Information shown:
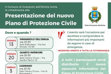 Il Comune di Granarolo dell’Emilia invita la cittadinanza a partecipare agli incontri pubblici di presentazione del nuovo Piano di Protezione...
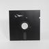 A black 3 1/2 inch floppy disk with the label removed from it.
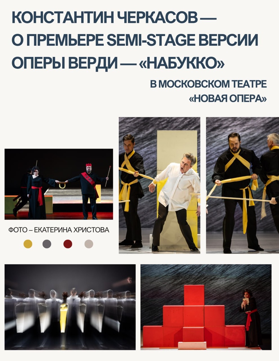 3 октября в московском театре «Новая Опера» открыли юбилейный 35-й сезон, посвятив своему создателю, «неистовому маэстро» Евгению Колобову, премьеру semi-stage версии одной из наиболее значительных ранних опер Верди — «Набукко» (1842). На ней побывал Константин Черкасов:
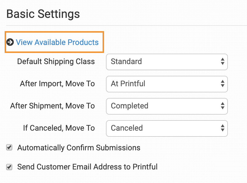 The print_sku is the Variant ID, which can be found in Printful’s product list. To find this, click the View Available Products link at the top of the integration settings:
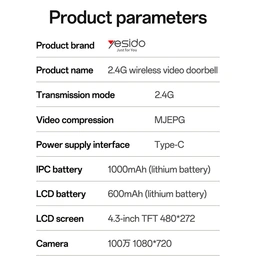 این زنگ تصویری به باتری 1000 میلیآمپری برای دوربین و 600 میلیآمپری برای مانیتور مجهز شده است. یکی از مزیتهای مهم آن، استندبای تا 6 ماه است که نیاز به شارژ مداوم را به حداقل میرساند. شارژ از طریق درگاه Type-C با ولتاژ 5 ولت و 1 آمپر انجام میشود که سریع و استاندارد است.
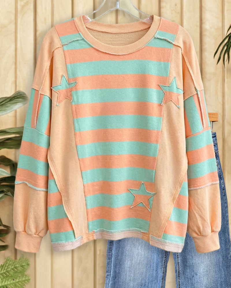 Mint Boutique Patchwork Striped Star Applique Round Neck Urban Sweatshirt
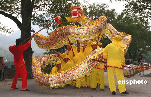 9月29日,齐云山脚下龙腾狮舞庆国庆迎中秋。当日下午,安徽休宁齐云山脚下的岩脚农民龙狮队在齐云山大道上龙腾狮舞,忽左忽右,忽高忽低,忽摇头忽摆尾,或腾空跃起,或盘旋翻滚,与全国4A级名胜风景齐云山交相辉映。中新社发 方也广德 摄
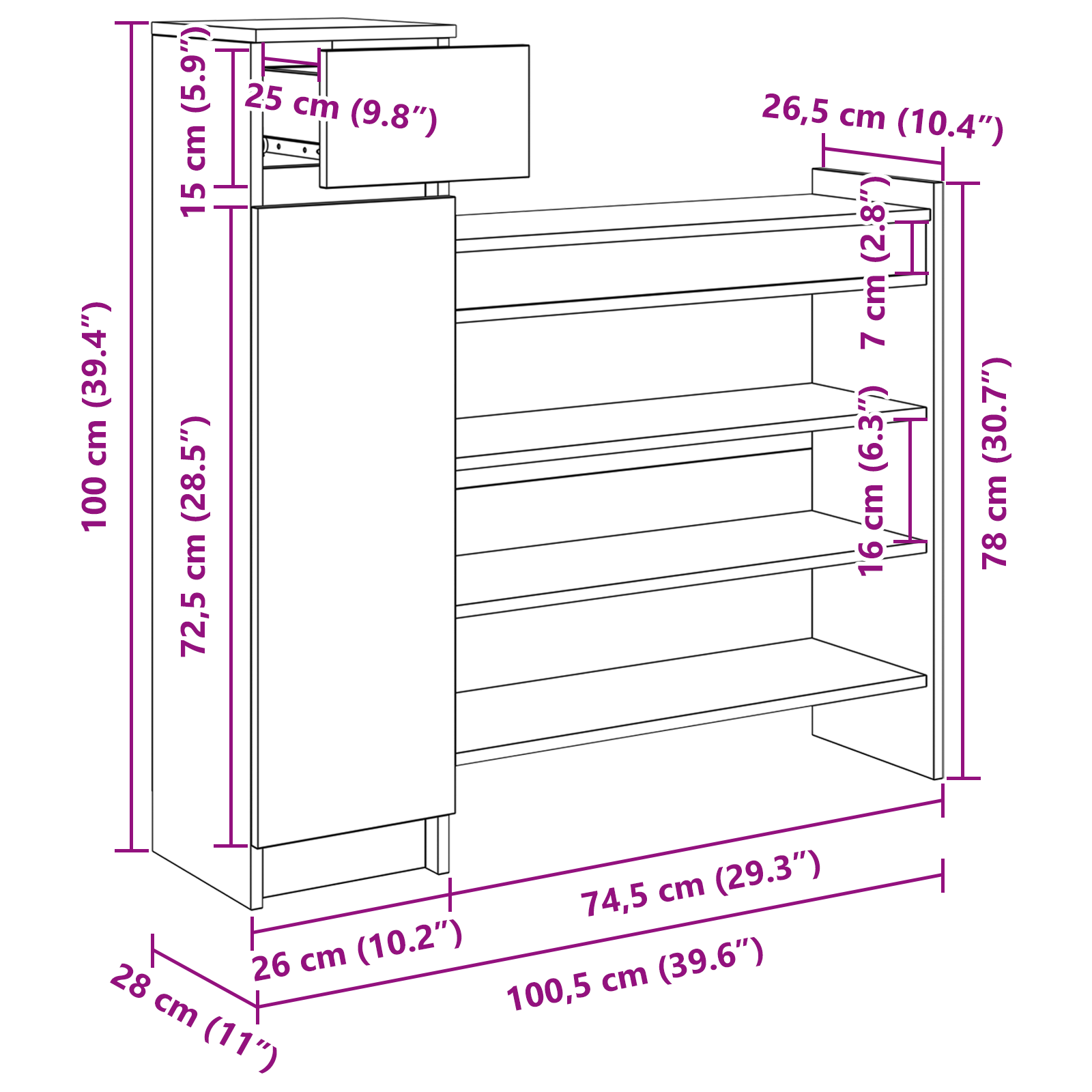 Tento elegantní botník je příkladem moderního designu – jednoduchý ale funkční. Skvěle se hodí do jakéhokoli obýváku a nabízí spoustu místa na vaše boty, zatímco minimalistický styl se hodí do současného interiéru. S rozměry 100,5 x 28 x 100 cm je to diskrétní a kompaktní řešení pro váš uklizený prostor.

Required work: Starting at the first line of the records and stopping after the line with "3 октября в", copy each line exactly; pictures stay out.

Answer to this problem:
 Il Comune di Granarolo dell’Emilia invita la cittadinanza a partecipare agli incontri pubblici di presentazione del nuovo Piano di Protezione...
 A black 3 1/2 inch floppy disk with the label removed from it.
 3 октября в московском театре «Новая Опера» открыли юбилейный 35-й сезон, посвятив своему создателю, «неистовому маэстро» Евгению Колобову, премьеру semi-stage версии одной из наиболее значительных ранних опер Верди — «Набукко» (1842). На ней побывал Константин Черкасов:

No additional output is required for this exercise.